Há uns dias tornaram-se públicas as afirmações de um ex treinador, Graeme Souness, sobre as equipas orientadas por José Mourinho, “As equipa dele não são agradáveis de se ver”.

Ora olhando para esta frase, acredito que pode ser interpretada de duas maneiras, por quem consome o desporto pelo prazer de ver e sentir (adeptos) e por quem o olha com olhos de análise, sustentado num conhecimento do que é o jogo (treinadores).

Julgando do ponto de visto do adepto que vê o jogo pela sua equipa ou por gostar do desporto e das emoções que ele transporta consigo, percebo se alguém fizer esta critica, já que estamos a falar de um jogo ou uma ideia sem os desequilíbrios necessários para provocar momentos que façam os adeptos levantar-se da cadeira e vibrar, contudo, acredito que em muitos adeptos, quando se trata da sua própria equipa, não se importam de abdicar destes 90 minutos de emoção pela vitória no final (e os do Tottenham certamente estão satisfeitos pela razia de títulos que vivem há anos).

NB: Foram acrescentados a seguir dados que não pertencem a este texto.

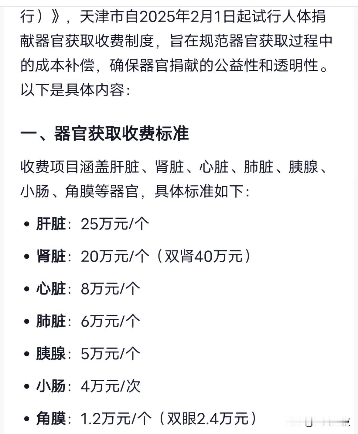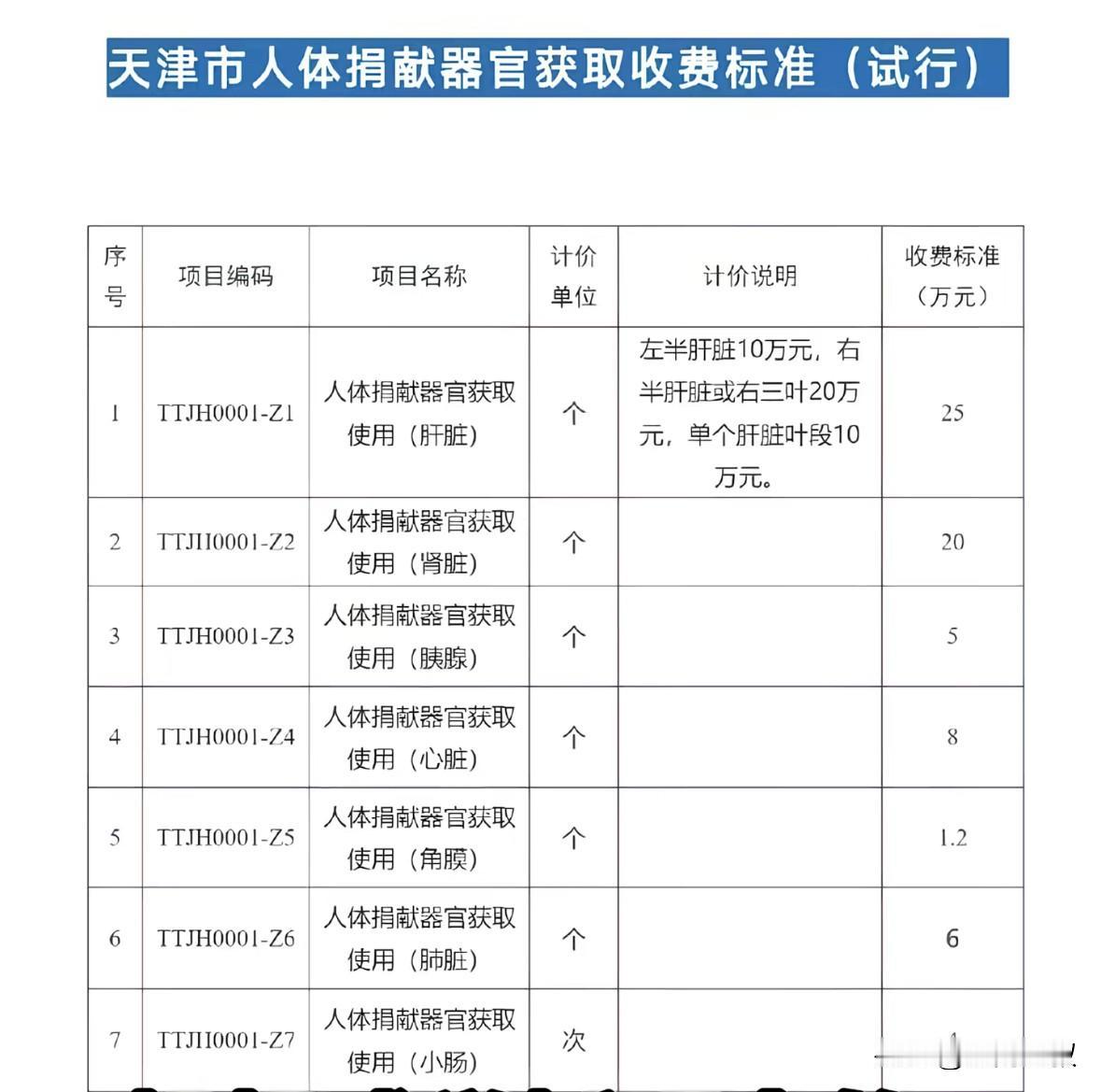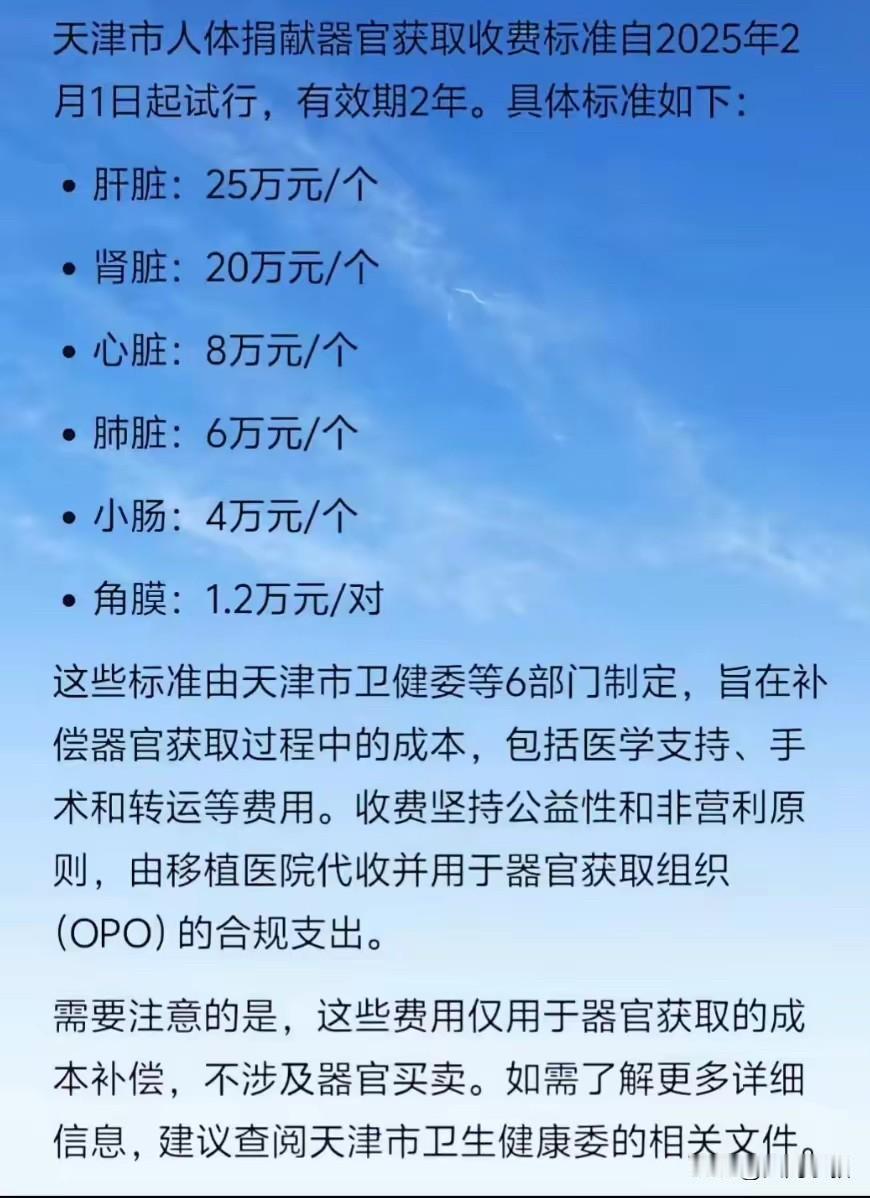 从2025年2月开始试行 天津人体捐献器官获取收费标准 这是官方制定的“手术及物流”成本价 肝脏25万1个 肾脏20万1个 心脏8万1个 肺脏6万1个 …… 这个标准,是为了让器官捐献移植这套救人的系统能持续、规范的运转。 最重要的一点,器官本身是无价的,全部来自爱心者的捐献。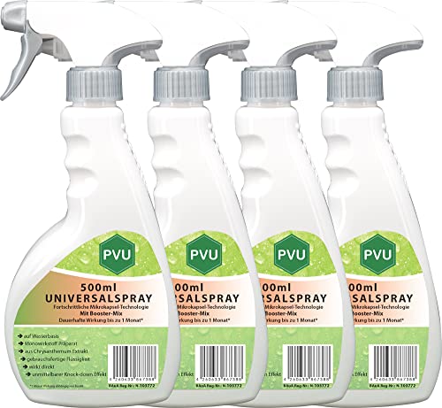 PVU Universal Insekten Spray 4x500ml Mit Booster Mix gegen Insekten & Ungeziefer Innen und Außen auf WasserbasisHochwirksames Insekten-Spray aus reinem Chrysanthemum Extrakt - Formuliert in Deutschland

Por outro lado, quando se olha do ponto de vista do treinador temos de ser muito mais completos e sustentados na crítica do que no elogio. Primeiro por ter uma perceção do contexto do mundo do futebol e da complexidade do mesmo. Hoje, todos falam sobre José Mourinho e que o pragmatismo é a melhor coisa do mundo. Existe sempre alguém que espera vitórias para provar pontos de vista. O que não se percebe é que a linha entre ganhar e o perder no alto nível é muito ténue. Pegando na emblemática discussão (Mourinho vs Guardiola), o Mourinho não é melhor que o Guardiola porque o venceu há uns dias, nem vice-versa em outros momentos, quem acha isso, tem todo o direito, mas que seja muito mais completo na análise, que fale dos recursos que ambos têm, das suas ideias, das suas estratégias, do passado de ambos, etc.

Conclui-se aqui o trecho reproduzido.